El párrafo de mi discurso que más revuelo produjo fue aquél en el que manifesté ante los miembros de la Comisión parlamentaria que «lo primero que llama la atención es la poco delicada consideración de la cultura que tiene este proyecto. Efectivamente, la cultura sirve tanto al desarrollo económico de una zona como al propio desarrollo local, concebido en términos más integrales y globales. Tiene esos y otros efectos positivos. Pero incomoda que la cultura sea vista de manera tan grosera como instrumento o argumento básicamente para buscar un posible desarrollo económico de una comarca. Pero vayamos más allá. ¿Es argumento de peso, sensato, decir que una inversión de algunos centenares de millones de euros genera economía y puestos de trabajo simplemente con su propia construcción? ¿Hay algún atisbo de economía y de sociedad y de cultura sostenibles en ese simplista aserto? Efectivamente que doscientos millones de euros invertidos en un museo generan inmediatamente empleos y economía. Pero pasaría lo mismo si se construyera cualquier otra cosa. Eso no es ningún argumento de idoneidad, ni económica ni, mucho menos, cultural».
Por tanto, la pregunta es otra bien distinta: Desde un mínimo conocimiento de las infraestructuras culturales de nuestro país -que es lo que en definitiva es un museo, una infraestructura cultural-, ¿estamos seguros de que la primera gran inversión necesaria es un museo que reproduzca en otro lugar y a otro nivel la marca y el 'know how' de nuestro Guggenheim bilbaíno? ¿No han pensado en otras opciones: un museo del Patrimonio de nuestra gran e histórica experiencia industrial, un museo de gran formato de ciencias naturales, un espacio de circulación de fondos de relevantes museos nacionales, por ejemplo, sin salir de lo museístico?
El objetivo que pretendía esa intervención era doble. Por una parte, establecer la diferencia de criterio entre modelos de ver la cultura y los proyectos culturales, y, por otra, abrir el debate sobre un proyecto en concreto a otros sectores sociales.
Esta consejera ha mantenido desde el inicio y a lo largo de sus discursos el valor de la cultura como estimuladora de la economía. Ya lo manifesté en mi primera intervención en el Parlamento al afirmar que en la actual coyuntura de contracción económica, el Departamento de Cultura tiene y quiere trasladar a la sociedad vasca el pleno convencimiento de que la cultura es también una buena inversión, un recurso de importantes dimensiones económicas, y no un componente suntuario y accesorio que puede sacrificarse a la espera de mejores tiempos. Una cultura dinámica y fuerte puede perfectamente ayudarnos a superar las embestidas de la crisis, no solamente porque supone invertir en un patrimonio tan valioso como es el capital humano y, de esa forma, contribuir a superar más dignamente la actual situación de dificultad, sino también por la gran capacidad que de forma patente posee la cultura para traer retornos, dinamizar los diversos sectores productivos y potenciar la imagen de nuestro país ante nuestros propios ojos y los de los demás ciudadanos y ciudadanas del mundo.

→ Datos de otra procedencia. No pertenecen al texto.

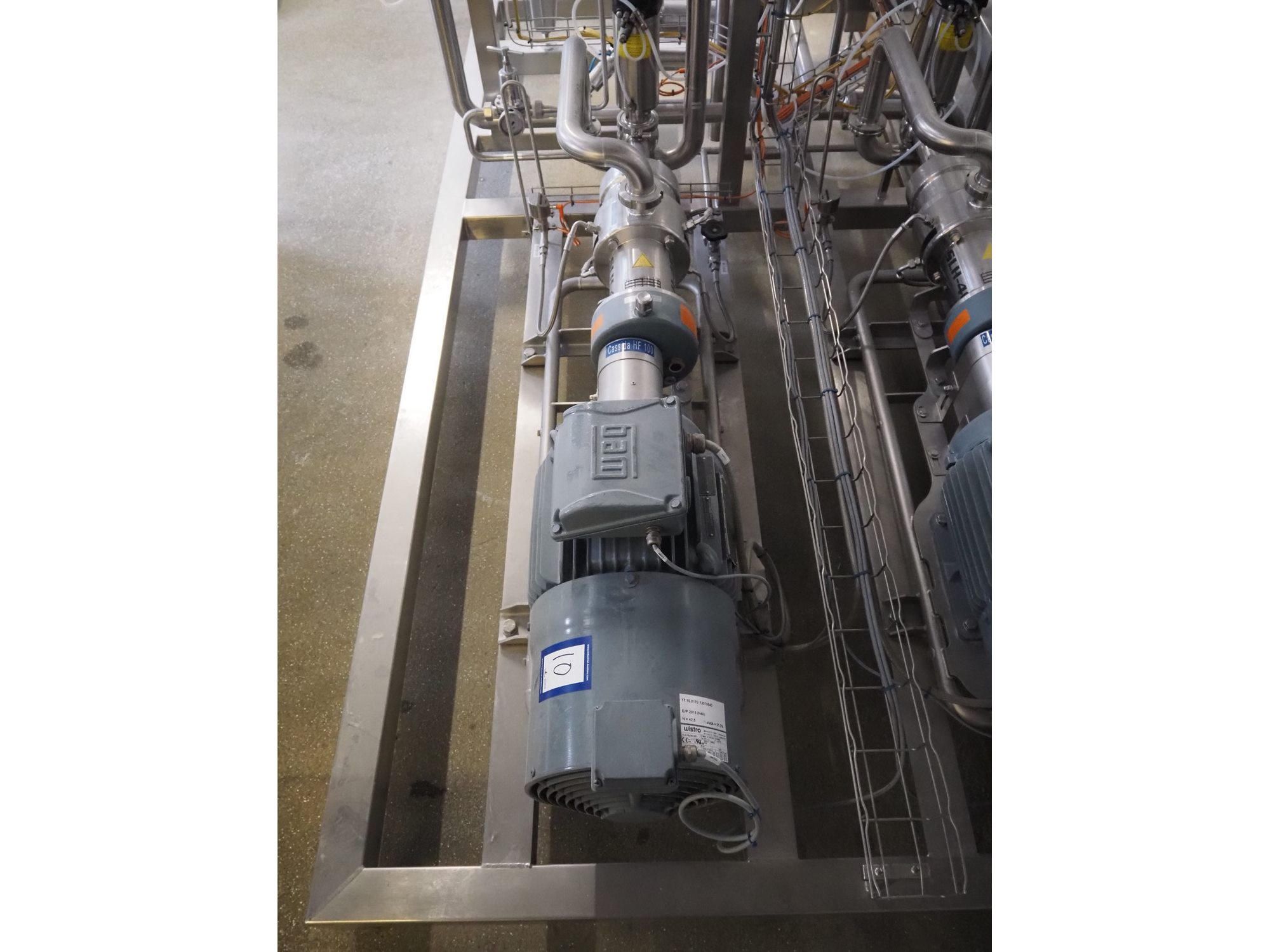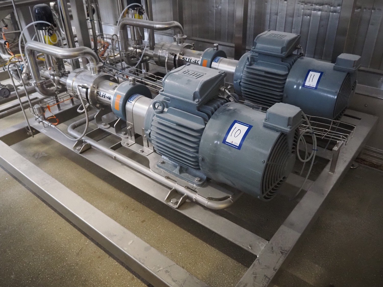 Bornemann hygienic twin screw pump, type: SLH-4G-2050, serial number: 121901, year of construction: 2018, 0.90 kW, capacity: 2 m³/h, pressure difference: 5 bar, 272 rpm, viscosity: 4000 cst, dimensions: 1700 mm x 500 mm x 500 mm.

Al presentar el proyecto de presupuestos del Departamento para 2010 destaqué el importante esfuerzo realizado desde el Gobierno para mantener la apuesta por la cultura. Y hemos hecho este esfuerzo porque consideramos que la cultura supone una inversión estratégica y no un recurso suntuario que deba sacrificarse en tiempos de crisis. Lo hemos hecho porque la cultura, además de ser espejo de nuestra sociedad, es una enorme fuerza dinamizadora que motiva y une a las personas. Lo hemos hecho porque de, por y para la cultura vive un enorme capital en personas que son extraordinariamente valiosas para nuestra comunidad. Y lo hemos hecho porque la cultura contribuye al desarrollo social y a la animación de la economía.
Por tanto, la diferencia de criterio radica en el propio modelo de concepción de la cultura como un elemento tractor más de la economía de una localidad, territorio o país. Creemos, y así lo hemos manifestado, que la cultura ha de ser elemento fundamental en la economía de nuestro país. Es más, pretendemos que una de nuestras líneas estratégicas sea la de trabajar para que la política cultural forme parte de las prioridades del propio Gobierno vasco, influyente en otras políticas, en estilos y formas de hacer política, huyendo de visiones meramente esteticistas y ornamentales tanto como de las visiones meramente instrumentales.
El proyecto cultural ha de contribuir a la revitalización económica, y no al revés. Los proyectos culturales han de tener objetivos y contenidos culturales. Tenemos que pasar de la concepción icónica de la cultura a la cultura de los creadores, de los ciudadanos.
El segundo objetivo de mi intervención era abrir el debate sobre un proyecto concreto a todos los sectores de la sociedad. Hasta ahora sólo se habían escuchado dos opiniones, y este proyecto merece la opinión de más agentes sociales implicados. De ahí las preguntas que planteé en mi intervención y a las que añado alguna más. ¿Tenemos que pagar por el uso de una marca para desarrollar un proyecto cultural? ¿No somos capaces de innovar también en cultura y desarrollar nuestro propio proyecto?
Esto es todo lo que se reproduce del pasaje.